Expression of stc1 in the distal pronephros does not contribute to CS formation.

(A) Analysis of stc1 expression at different developmental stages revealed natural variability in the stc1 expression. At 20 hpf stc1 was expressed in the distal pronephric duct (PD) and cloaca region. In some embryos stc1 expression was subsequently confined to the CS at later stages (left panel). However, in other embryos stc1 was also expressed outside of the CS, including the distal late tubule (DL). (B) The graph shows the percentage of embryos with stc1 expression in pronephric duct/cloaca (PD/C), corpuscles of Stannius (CS), corpuscles of Stannius and pronephric duct/cloaca (CS ​+ ​PD/C), corpuscles of Stannius and distal late tubule, and pronephric duct/cloaca (CS ​+ ​DL ​+ ​PD/C). At 32 hpf, more than 30% of embryos expressed stc1 outside of the CS. (C) To exclude the possibility that pronephric duct cells expressing stc1 are recruited to the CS, the pronephric duct was disrupted by a 30 ​μm laser-induced injury at 20–22 hpf. Normal CS development occurred in all injured embryos that did not repair the gap (n ​= ​7).

Depletion of zebrafish carboxypeptidase E (cpe) reduces stc1 expression.

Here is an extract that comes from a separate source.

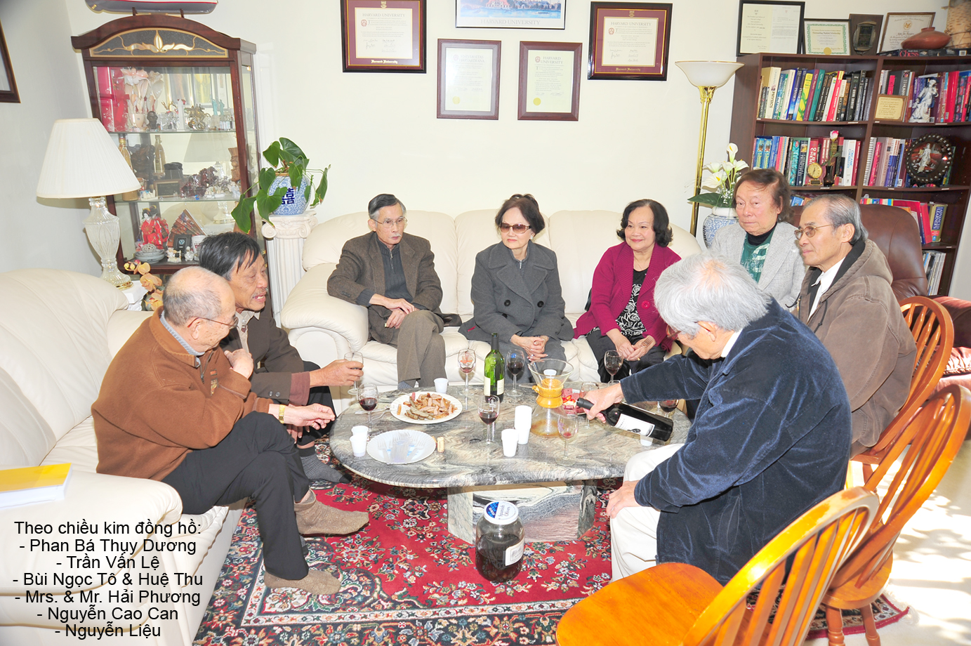 Trong số những khách quí này đều là những nhà thơ hửu danh ở hải ngoại. Nhà thơ Trần vấn Lệ, nhà thơ Hải Phương, nhà thơ Phan Bá Thụy Dương, nhà thơ Dzạ Chi, nhà thơ nữ Huệ Thu và phu quân Bùi Ngọc Tô, giáo sư Nguyễn Cao Can, nhà thơ Võ Thạnh Văn.
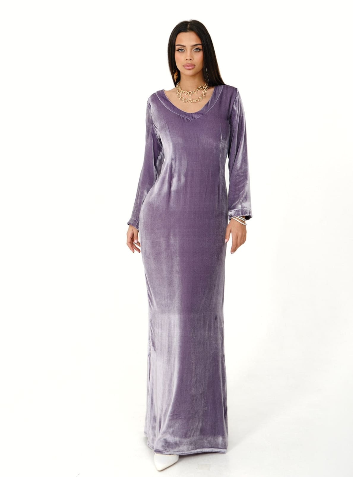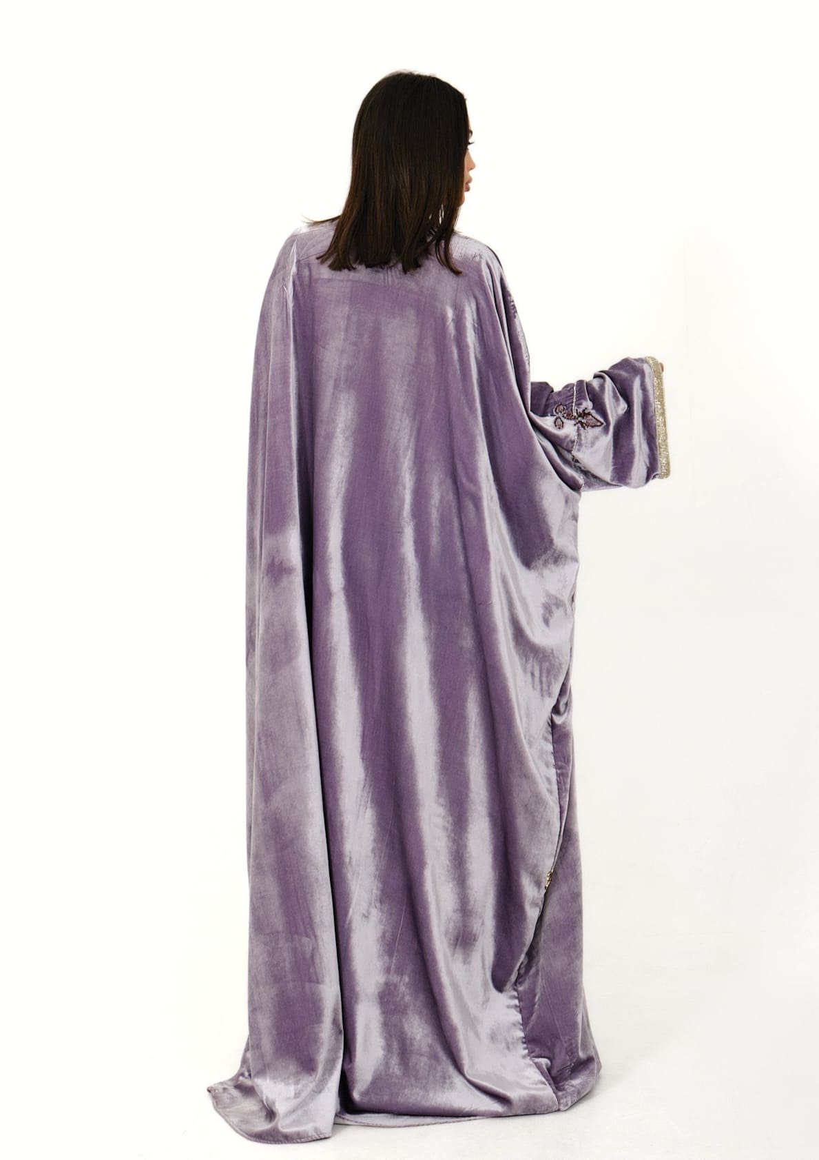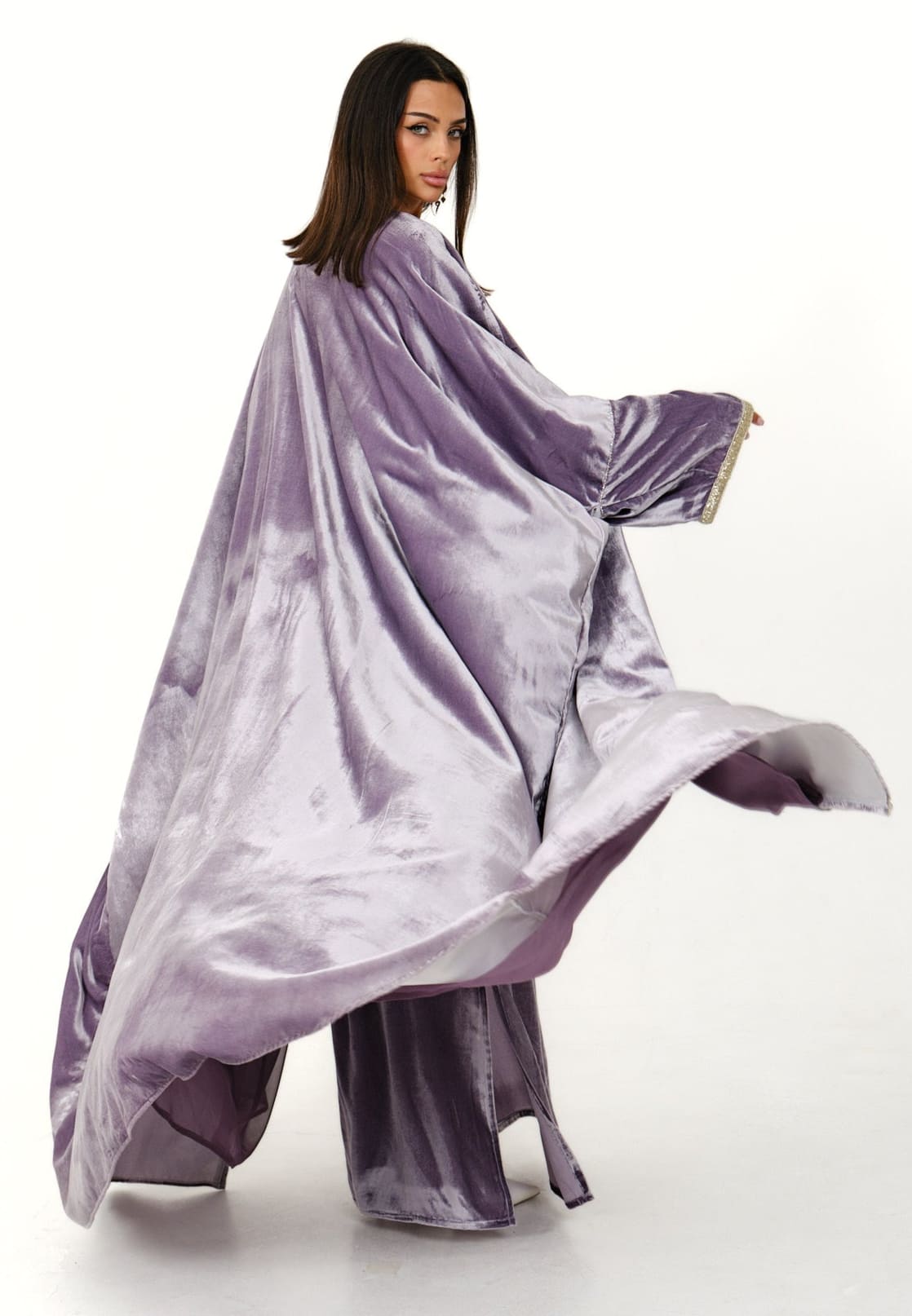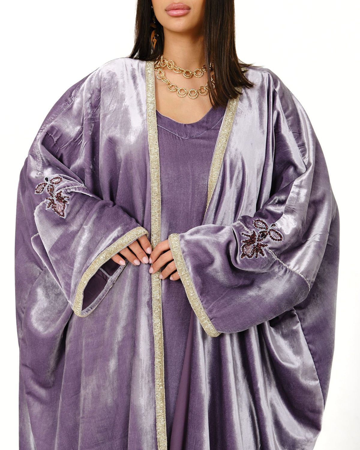 Elevate your elegance with this silk velvet abaya set, a perfect blend of luxury and sophistication. Crafted from premium silk velvet, the abaya drapes beautifully, featuring intricate embroidery on the sleeves and delicate embellishments for a subtle shimmer. Paired with a back-adjustable dress, this set offers both comfort and versatility, making it an ideal choice for special occasions. Effortlessly chic and timeless, it’s a must-have addition to your wardrobe. (Abaya One size - Total length 160cm, Sleeve length from centre back 82cm, Back 124cm, Dress - (Length of dress 152cm ,Sleeve length 56cm, Back 40cm, Waist round maximum width 105cm, Waist round minimum width 72cm, Hip round 120cm). Size model wearing is S/M.

(A) Quantification of the in situ hybridization intensity after depletion of cpe with a splice-blocking (SBM) morpholino oligonucleotide (MO). ctr MO – control morpholino oligonucleotide. The numbers of analyzed embryos are shown inside the brackets. Depletion of cpe significantly reduces stc1 expression. (B) Quantification of the in situ hybridization intensity. The reduced stc1 expression after depletion of cpe with the SBM (0.1 ​mM) is rescued by the Wnt antagonist IWR-1 in dose-dependent fashion (ctr MO, control MO, 0.1 ​mM). The numbers of analyzed embryos are shown inside the brackets. (C) An example of stc1 expression in embryo injected with control MO that was quantified in (A). (D) An example of stc1 expression in embryo injected with cpe SBM that was quantified in (A). (E) An example of stc1 expression in embryo injected with cpe SBM and treated with IWR-1 that was quantified in (B). p-values were calculated using Cochran-Mantel-Haenszel test. Error bars represent standard error of the mean.